A couple of years back a friend of mine offered to do a little photo shoot, I had just had my braces taken off and was grinning from ear to ear, I’d waited all my life to smile and not feel self conscious about my crooked teeth. When he asked me I kept delaying it because I was hoping to lose a couple more kilos but eventually hubby convinced me to do it.
So I did it and I loved it, it was a lot of fun! When I first saw the photos I initially zoomed in on my large legs, they’ve always been my most disliked body part, I never really appreciated how strong those puppies are and that I can do a hill climb on my bike faster than my husband who is over 6 foot!
Once I started accepting that I’m never going to have super lean legs and that my legs are built for power and strength I started to feel empowered. I can look back on these photos now and really admire them, this is what I look like at my natural weight.
Throughout my weight loss journey I have had many moments of doubt, of still not feeling slim enough and only until recently am I truly feeling some level of peace with my body. I have finally discovered I don’t need anyone else to like my body but me.

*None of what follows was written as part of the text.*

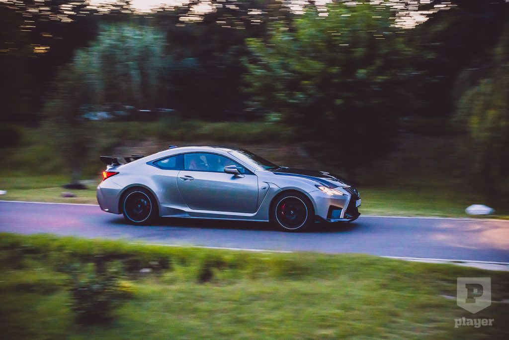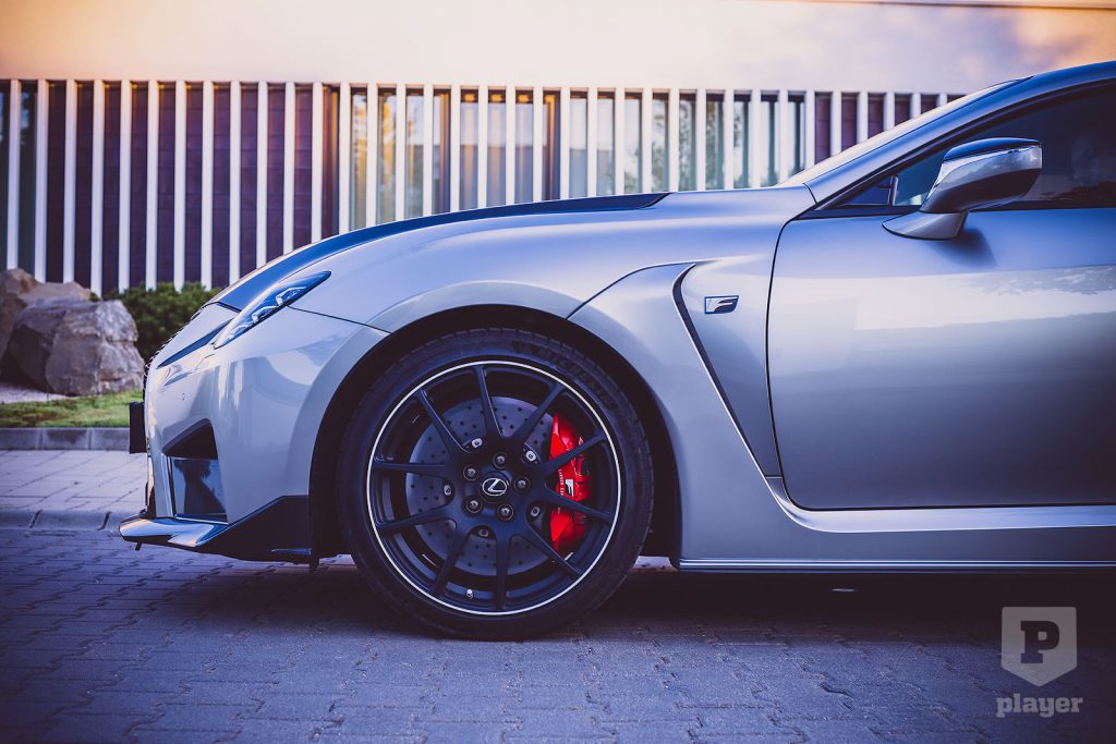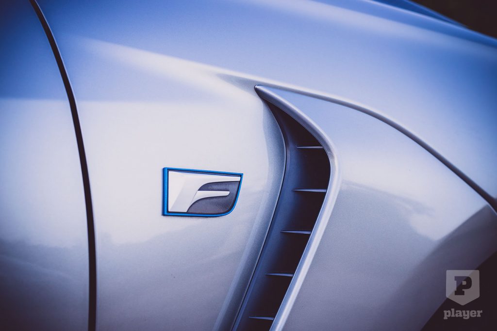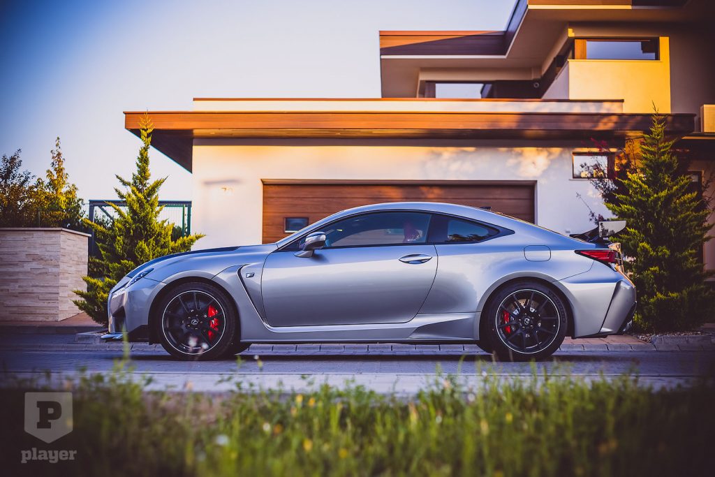 Az előd kétrészes fényszóróegysége egybefolyt a ráncfelvarrásnál, de így is kellően szigorú, mintha a lámpák belső sarka nyomta volna össze a hatalmas hűtőmaszkot, amelynek hatalmassága egyébként jól áll a kocsinak. Oldalnézetből a már emlegetett motorháztető elejének hirtelen zuhanása a legfurcsább, ebből érzékelhető, hogy amúgy milyen magasan is húzódik – kicsit szokatlan, de az RC F-en ez is rendben van.

I have had to consciously work with myself on this everyday. I’ve been every different size throughout my life and even when I saw ribs poking through I still zeroed in on my legs because it was never about the size I was anyway, it was about having love for myself. I had to change my internal dialogue to compassion and love.
We are our own worst critics and once we can accept our body and it’s natural shape and truly love it even if it may not be our picture perfect ideal that is when we can find peace.